🚀 Tool Execution Architecture¶

Note

👋 Hey there! Siyarix is a personal passion project built by a single developer that is growing and under active development. Some of the architectural components and features described on this page might currently be Planned, Work in Progress, or basic implementations. Stay tuned as it evolves! 🚀

Welcome to the Tool Execution Pipeline documentation! This guide explains how AI-planned tools are seamlessly discovered, registered, evaluated, and executed within Siyarix.
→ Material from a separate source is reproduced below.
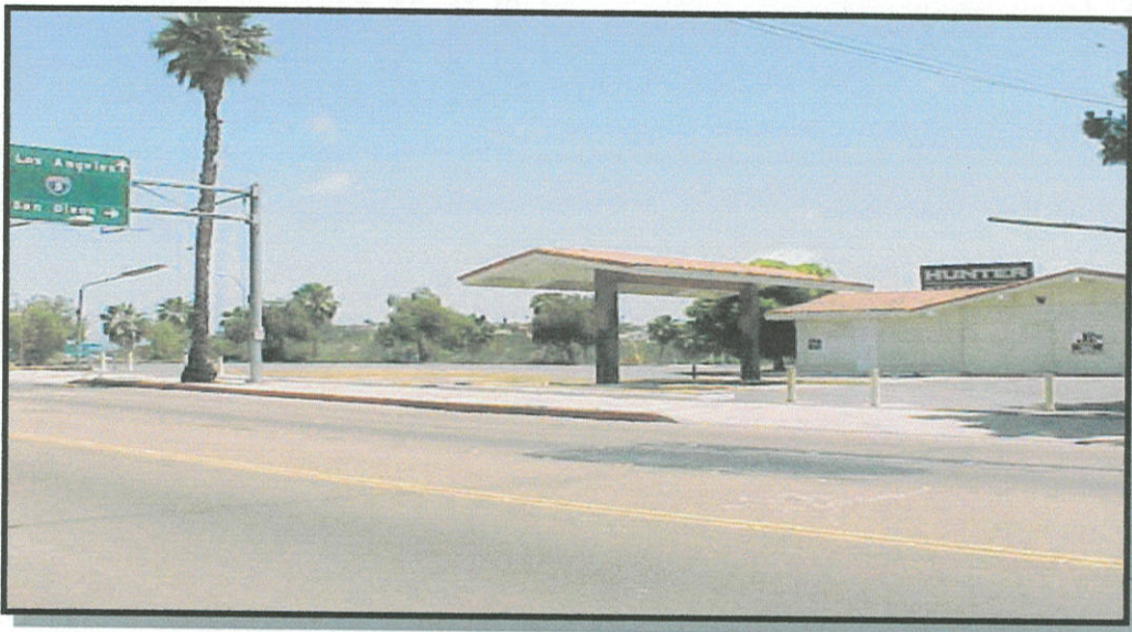
1227 Vista Way Oceanside, CA

Our pipeline is designed to be robust and secure, handling everything from cross-platform installation and availability checks to output parsing and error recovery.

🔄 The Tool Lifecycle¶

Understanding the tool lifecycle is key to working with Siyarix. Every time a tool is invoked, it flows through this structured pipeline:

Discovery 🔍 (ToolRegistry)
  → Registration 📝 (ToolCapabilityGraph)
  → Availability Check ✅ (ToolAvailabilityContext)
  → Permission Gate 🛡️ (PermissionGate + ShellReview)
  → Invocation ⚡ (ToolHandlers / internal_tools)
  → Output Capture 📥 (safe_run_async / safe_run_async_stream)
  → Danger Analysis 🚨 (DangerAnalyzer)
  → DLP Redaction 🕵️ (DLPEngine)
  → Finding Storage 💾 (Knowledge Graph)
  → Version Detection 🏷️ (ToolVersion)
  → Installation 📦 (ToolInstaller)

Note

This pipeline ensures that no tool is executed blindly. Every step adds a layer of security, context, or functionality!

🗂️ Tool Registry¶

The ToolRegistry (found in registry.py) is the beating heart of our tool management system. Think of it as the central hub that keeps track of what tools can do, how to call them, and how to understand their output.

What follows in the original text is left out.